Agents need to know what a tool does to the world before calling it. Descriptions should go beyond structured annotations to explain consequences.

Conciseness5/5

Is the description appropriately sized, front-loaded, and free of redundancy?

The description is a single, efficient sentence that gets straight to the point with no wasted words. It's appropriately sized for a search tool and front-loads the core functionality without unnecessary elaboration.

Shorter descriptions cost fewer tokens and are easier for agents to parse. Every sentence should earn its place.

Completeness2/5

Given the tool's complexity, does the description cover enough for an agent to succeed on first attempt?

For a tool with 9 parameters, no annotations, and no output schema, the description is insufficiently complete. It doesn't explain what kind of results to expect, how results are structured, whether there are limitations on search scope, or how to interpret empty results. The agent would need to guess about important behavioral aspects despite the comprehensive parameter schema.

Complex tools with many parameters or behaviors need more documentation. Simple tools need less. This dimension scales expectations accordingly.

Parameters3/5

Does the description clarify parameter syntax, constraints, interactions, or defaults beyond what the schema provides?

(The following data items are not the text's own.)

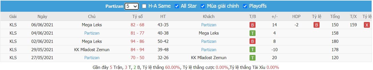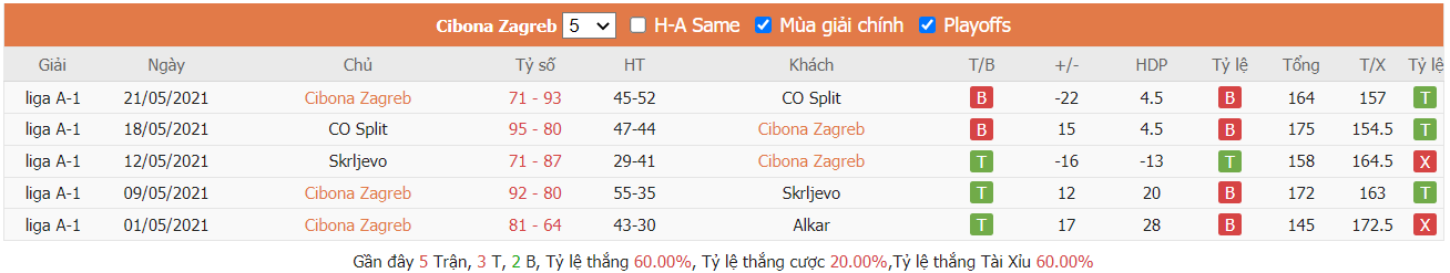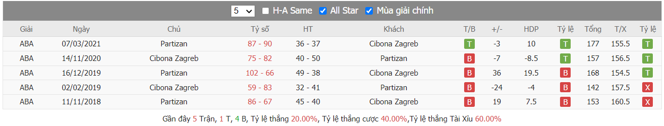 - Phong độ gần đây KK Cibona vs KK Partizan Beograd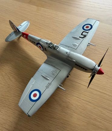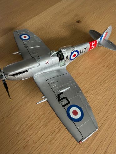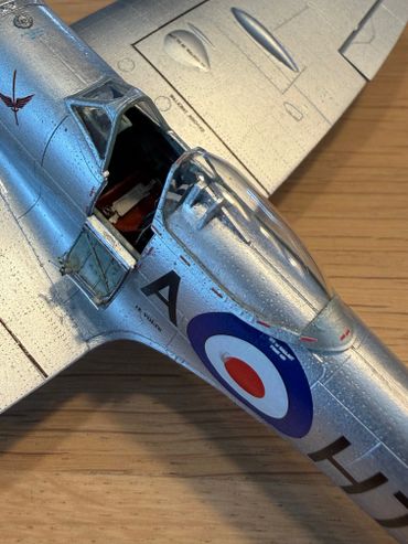 This aircraft took part in the cooper air race of 1949. This is RW393 601 Sqn RAuxAF. The winged sword in front of the windscreen is the 601 squadron crest. This is the Eduard 1/48 Scale kit that was planned to be a weekend build but took a little longer. The build is OOB, the kit came with a photoetch fret included.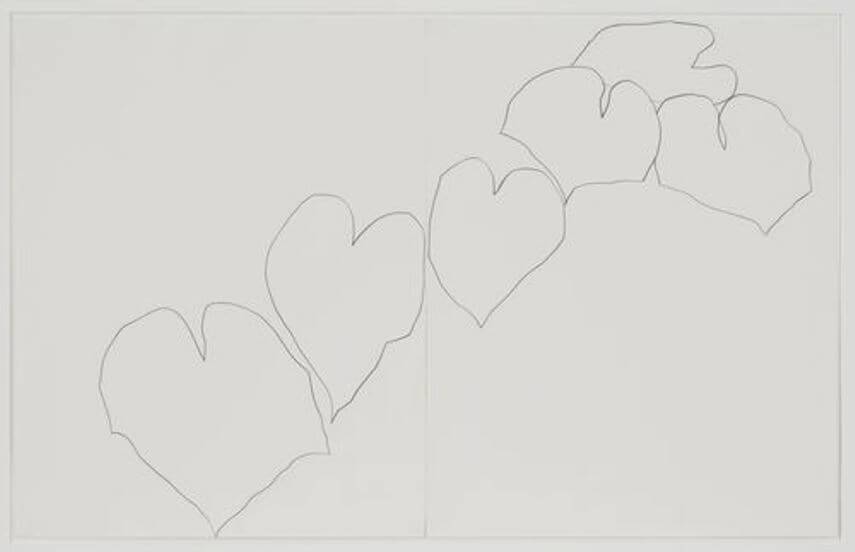 In the 1960s he made a series of drawings of various wild fruits, garden vegetables, trees, branches and the leaves and flowers of various other plants. His 1960 drawing titled Wild Grape reduces the leaves of the wild grape plant to their simplest forms. In his 1962 painting Red White, Kelly takes that exact form and inverts it onto a white canvas.
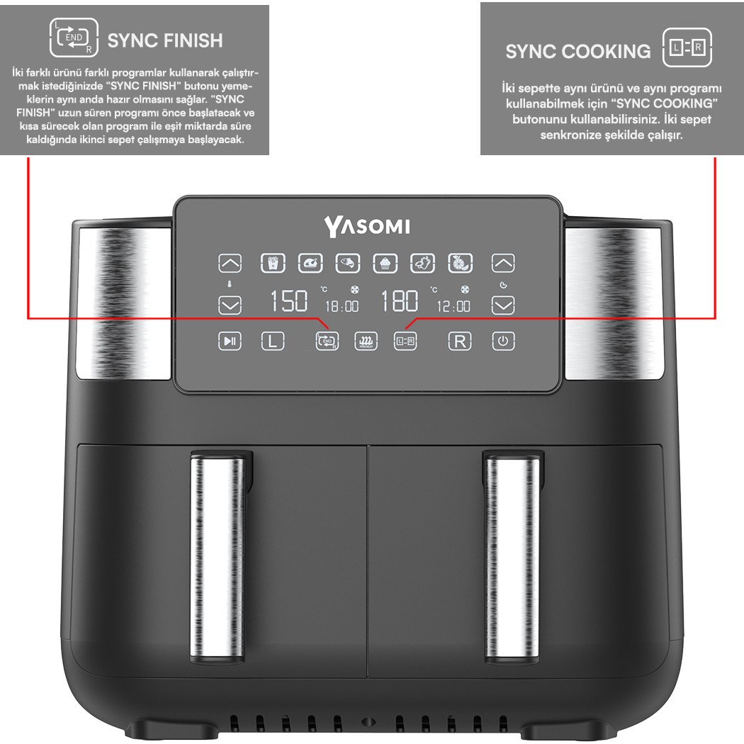 Yasomi Y80 Siyah 8 Litre 2850W Çift Hazneli ve Çift Motorlu Dokunmatik Airfryer Fritöz

Schema description coverage is 100%, so the schema already documents all 9 parameters thoroughly. The description adds minimal value beyond the schema by mentioning 'various filters and criteria' but doesn't provide additional context about parameter interactions, default behaviors, or usage examples. This meets the baseline for high schema coverage.

Input schemas describe structure but not intent. Descriptions should explain non-obvious parameter relationships and valid value ranges.

Purpose4/5

Does the description clearly state what the tool does and how it differs from similar tools?

The description clearly states the verb ('search') and resource ('food products'), making the purpose immediately understandable. However, it doesn't differentiate from sibling tools like 'get_product_suggestions' or 'analyze_product' which might also involve searching or retrieving product information, so it doesn't achieve full sibling differentiation.

Agents choose between tools based on descriptions. A clear purpose with a specific verb and resource helps agents select the right tool.

Usage Guidelines2/5

Does the description explain when to use this tool, when not to, or what alternatives exist?

The description provides no guidance on when to use this tool versus alternatives like 'get_product' (for single product retrieval) or 'get_product_suggestions' (which might offer recommendations). It mentions 'various filters and criteria' but doesn't specify contexts where this comprehensive search is preferred over simpler sibling tools.

Agents often have multiple tools that could apply. Explicit usage guidance like "use X instead of Y when Z" prevents misuse.